Adam nodded to Dawn. Edgar Prince took this gesture as an indication that Adam wanted him to continue.

“As the Dawn Project continued, a special research team was created to look into the mechanics of memory. At that time in history we all believed that memory resided either in the brain or the Lux. It turns out that something in the middle occurred: memory followed the Jump, but faded after three days. Thus, neither the physical body nor the light body held human memory. This left only one other body to explore: the etheric body.”

“How could memory be stored in the etheric body? It has no physical form,” Dawn challenged him.

“That had been our original thought. But consider this: the etheric body is an electromagnetic field that surrounds the flesh yes?”

Adam was extremely glad he’d paid attention when Dawn and Origen had educated him on the human constitution during their first meeting.

“We also know that information can be sent along electromagnetic fields—correct? For example, our voice and digital images are distributed as analog waves of information over the wireless network in order to make a TeleConnect call. For that matter, all wireless networks exchange data via various forms of electromagnetic wave fields. The etheric body is no different, it too is an electromagnetic field that can send and store data.
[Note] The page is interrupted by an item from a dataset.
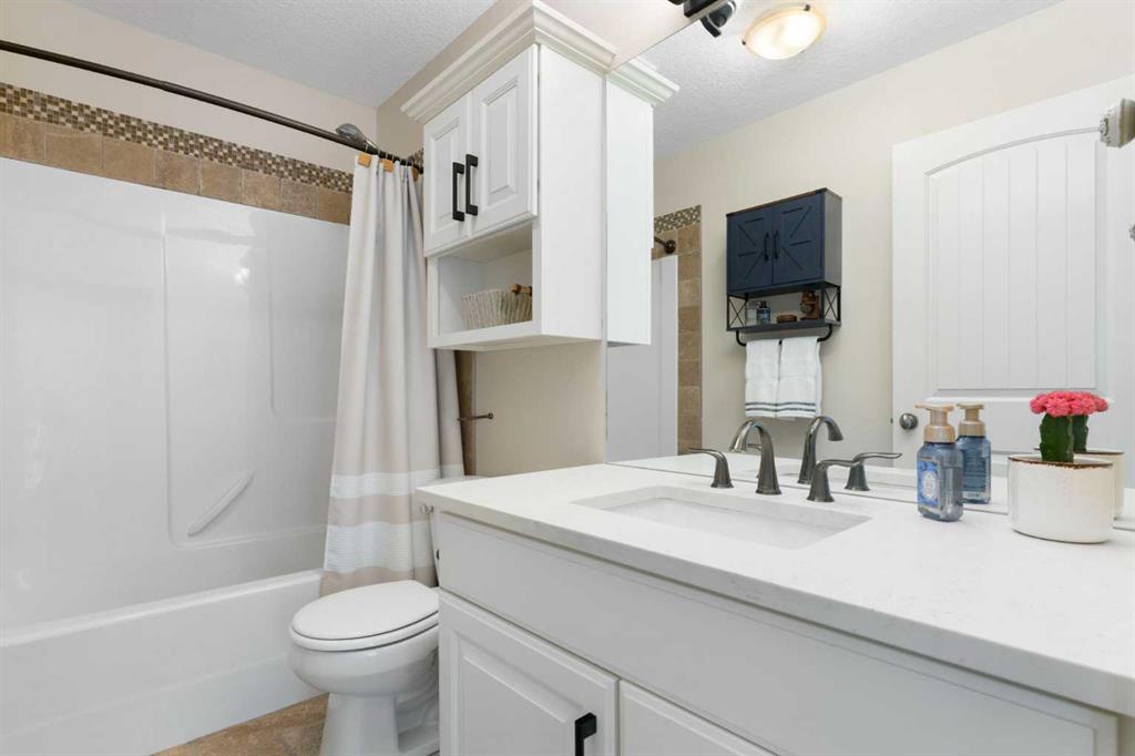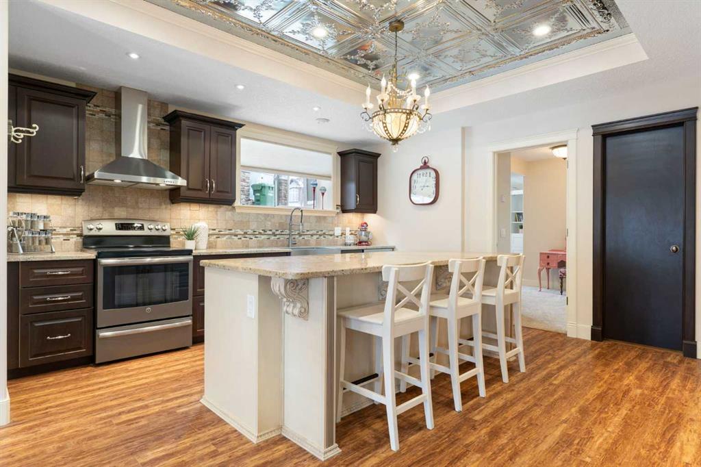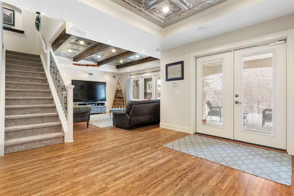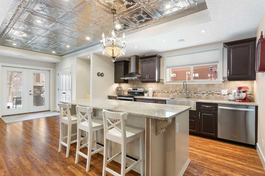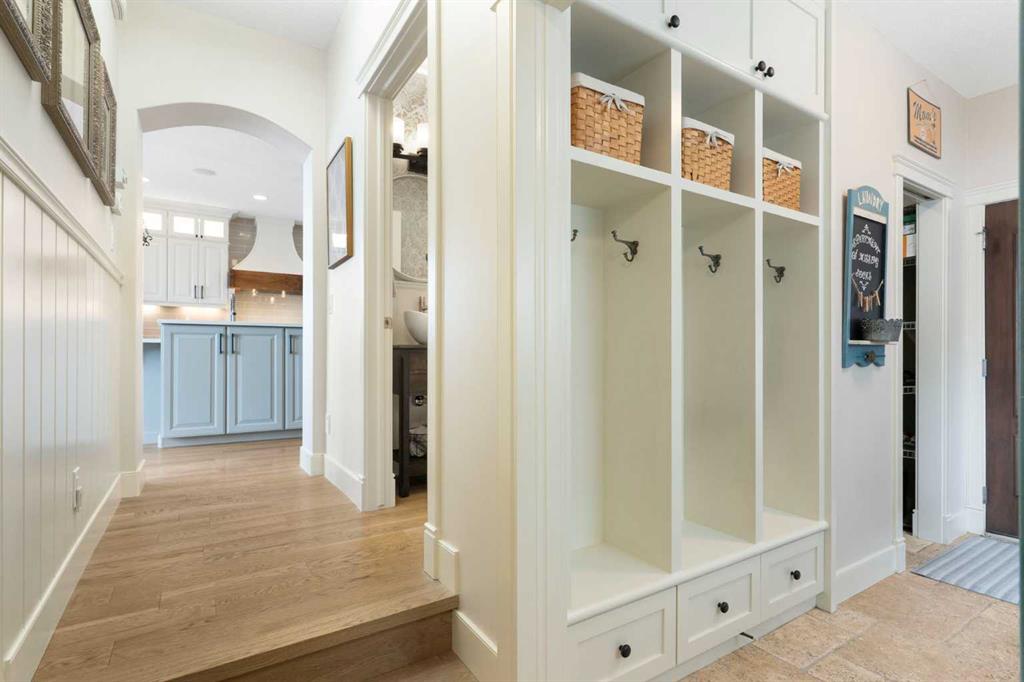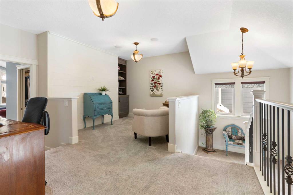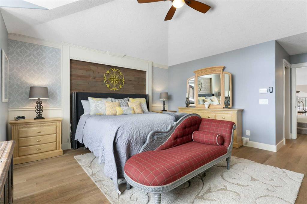 Hello, Gorgeous! Welcome to this beautifully renovated executive walkout home in the highly sought-after community of Coopers Crossing in Airdrie. Offering over 2,500sq ft. above grade plus a fully developed walkout basement, this home blends impressive architectural spaces with thoughtful custom finishes throughout. Step inside to a stunning entry featuring stacked stone accents, rustic beams, and an inviting sense of craftsmanship that continues throughout the home. The main floor includes a private office with glass French doors, perfect for working from home or flexible use as a dining space or additional bedroom. At the heart of the home is the dramatic great room with soaring 14-foot vaulted ceilings, arched windows, and a beautiful fireplace feature wall that fills the space with natural light from the west-facing backyard. The chef-inspired kitchen is designed for both everyday living and entertaining, featuring a large island, quartz countertops, professionally painted two-tone cabinetry, custom organizers, and a striking solid walnut hood fan. Premium appliances include KitchenAid, Bosch, Thermador, and MasterChef, along with a gas range, wall oven, beverage cooler, and walk-in pantry. Upstairs, a welcoming loft creates an additional living space for relaxing or family time. Two spacious bedrooms share a well-appointed bathroom, while the impressive primary retreat offers vaulted ceilings, custom wall detailing, and a luxurious ensuite with heated floors, double vanity, soaker tub & separate water closet. The fully developed walkout basement adds incredible flexibility with a gorgeous second full kitchen, large recreation area, full bathroom, wine/cool room, and a spacious additional bedroom or versatile flex room with built-in Murphy bed. With its high-end finishes and thoughtful layout, this level is ideal for entertaining or multi-generational living. Outdoor living is just as impressive with a west-facing backyard, a 300sq ft. Duradek balcony with glass railing, natural gas line for BBQ, and a walkout patio below with additional gas connections and hot tub rough-in, plus two storage sheds. The beautifully landscaped yard features custom concrete work, mature trees and shrubs, and a 7-zone irrigation system. Completing the home is a triple attached garage plus shop area, with epoxy floors, forced-air heating, workshop wiring, EV/welder outlets, and extensive built-in storage. Located in one of Airdrie’s most desirable communities, close to parks, pathways, schools, and amenities, this exceptional home offers the perfect combination of space, luxury, and functionality.

“As the special ops team continued with its research, it was soon discovered that every action we took in the flesh, every bit of information we gathered while alive, every situation we had lived through, was recorded and stored, in the form of electromagnetic particles and wave sequences within the etheric body that surrounded us. And the brain of the physical body acted as a receiver, tuning the human being’s Lux to the various waves or channels, in order that data analysis and memory recall might take place.”

Adam and Dawn stared at Edgar Prince, not quite understanding him. Edgar wasn’t surprised. He’d always been a man before his time, and no one had ever really understood him.
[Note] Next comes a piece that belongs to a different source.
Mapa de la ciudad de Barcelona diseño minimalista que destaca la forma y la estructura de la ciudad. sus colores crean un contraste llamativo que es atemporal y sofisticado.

“Consider it this way,” Edgar continued with a touch of delight, “The human brain was actually a radio, set to the correct channel frequency of the etheric body. In order to recall the information, it tuned in and transmitted the data waves to the Lux, which would then determine the day-to-day choices and actions that the human being would follow. When the brain was damaged and unable to tune into the etheric body, memory lapses and other forms of dementia would occur. When the brain was healthy, it kept the three-fold body in a state of harmonious communication.”

“So the etheric body was not only responsible for attaching the Lux to the physical body, it also recorded the life lived while in the body?” Dawn asked.